Temperature

The sampling knob that sets how random a model’s word choices are - low is safe and repeatable, high is loose and surprising.

Temperature is the single knob that decides how adventurous a language model is allowed to be when it picks each next word. Before a model like a GPT commits to a token, it doesn’t have one answer in hand, it has a whole spread of candidates with odds attached: maybe 60% “the”, 20% “a”, 5% “an”, and a long tail of unlikely stragglers. Temperature reshapes that spread right before the dice are thrown. Turn it down and the odds get sharper, the favorite gets even more favored, and the model plays it safe. Turn it up and the odds flatten out, the longshots get a real seat at the table, and the model gets loose, surprising, eventually unhinged.

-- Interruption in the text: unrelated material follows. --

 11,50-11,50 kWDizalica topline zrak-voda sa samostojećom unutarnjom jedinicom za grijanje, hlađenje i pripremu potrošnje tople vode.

Mechanically it’s one division. The model’s raw scores (the “logits”) get divided by the temperature value before they’re turned into probabilities. Divide by a small number and you exaggerate the gaps between candidates; divide by a big one and you squash them toward equal. The usual dial runs from 0 to about 2. At temperature 0 there’s no gamble left at all: the model takes the single most likely token every time, which makes it deterministic and repeatable (same prompt in, same answer out). Around 0.7 to 1.0 is the everyday range, enough spice to sound human without falling apart. Push past 1.5 and coherence starts to dissolve into word salad.

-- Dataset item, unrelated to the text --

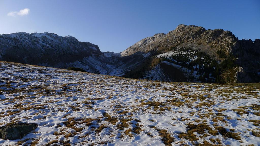 La pista asciende por un poblado bosque de pinos . En un momento nos equivocamos al no tomar una desviación a la derecha que parecía una senda secundaria, pero que en realidad es el camino que debíamos tomar (Desviación 1645m 0h40′). El camino se empina cada vez más hasta salir a terreno despejado más llano, donde se desdibuja el sendero, pero se ve que tenemos que superar un lomo que nos asoma por fin a la Coma de San Adrián (Collado de la Montañeta 1915m). Si nos volvemos hacia el N. ya tenemos unas buenas vistas de los Eristes, Posets y el Gallinero de Cerler.

One thing temperature is not: it’s not the random seed. The seed fixes which roll of the dice you get; temperature decides how loaded the dice are in the first place. You can hold one steady and move the other. A clean example lives in the deep-dive On the Machine We Switched Off , where a 1930-trained model is interviewed twice with the temperature pinned at 0.8 and the seed pinned at 1930, so the only thing changing between runs is the language of the questions. Freezing temperature is what makes that an experiment instead of an anecdote: it takes randomness off the table as a suspect.